In 1989, around a million students and workers gathered at Beijing’s Tiananmen Square and in cities throughout China to demand greater freedoms and accountability from the communist regime. At the height of China’s democratic exercise, the authoritarian government quashed the hopes of democracy with military tanks and gunfire. The government has never released the official death toll, mostly denying the slaughter had ever happened. 

The day after the massacre, thousands of Hongkongers converged to mourn the victims in black and white clothing. For every year since, Hongkongers have joined the annual memorial, with a large turnout of 180,000 in 2019 amid the anti-extradition movement. 

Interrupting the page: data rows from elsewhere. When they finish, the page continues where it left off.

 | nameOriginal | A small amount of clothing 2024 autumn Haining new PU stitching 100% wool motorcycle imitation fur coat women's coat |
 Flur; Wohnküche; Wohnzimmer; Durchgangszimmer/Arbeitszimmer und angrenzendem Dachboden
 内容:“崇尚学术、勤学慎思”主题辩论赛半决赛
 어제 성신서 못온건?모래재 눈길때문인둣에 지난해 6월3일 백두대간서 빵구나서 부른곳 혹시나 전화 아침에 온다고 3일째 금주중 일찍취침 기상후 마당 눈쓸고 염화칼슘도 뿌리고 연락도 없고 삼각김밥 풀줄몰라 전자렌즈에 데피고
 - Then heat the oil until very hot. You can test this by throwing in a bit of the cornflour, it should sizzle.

Taiwan, despite its lukewarm reaction prior to the crackdown, rallied to denounce the atrocities committed by the Chinese Communist Party. 

In response to the gathering ban this year, thousands of Hongkongers still attended the vigil in Victoria Park despite the risk of arrest. Those who wanted to participate in solidarity were encouraged to light a candle wherever they were tonight. 

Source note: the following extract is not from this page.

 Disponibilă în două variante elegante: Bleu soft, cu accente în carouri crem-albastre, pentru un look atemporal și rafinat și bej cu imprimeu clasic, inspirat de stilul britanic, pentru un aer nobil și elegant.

Catholic churches held masses for worshippers to commemorate the Tiananmen victims, while district council members set up multiple booths within their neighborhood for Hongkongers to mark the anniversary. 

May 35th (Gengzi Edition), a play about two parents who try to hold a gravesite ritual for their son who died during the Tiananmen Square massacre, was canceled due to the pandemic. The organizers decided to stream the performance for free online throughout June 4 to reach a wider audience. The director, Chan Chu-hei, said he worried that the play may not have a chance to be on stage again given the current political climate. 

A Hong Kong resident who plans on attending the vigil in her neighborhood told The News Lens that the ban is meaningless because Hongkongers will find ways “to make it bloom.” For many others in the city, this may be the last year for them to publicly mourn the lives lost to fighting for democracy and freedom.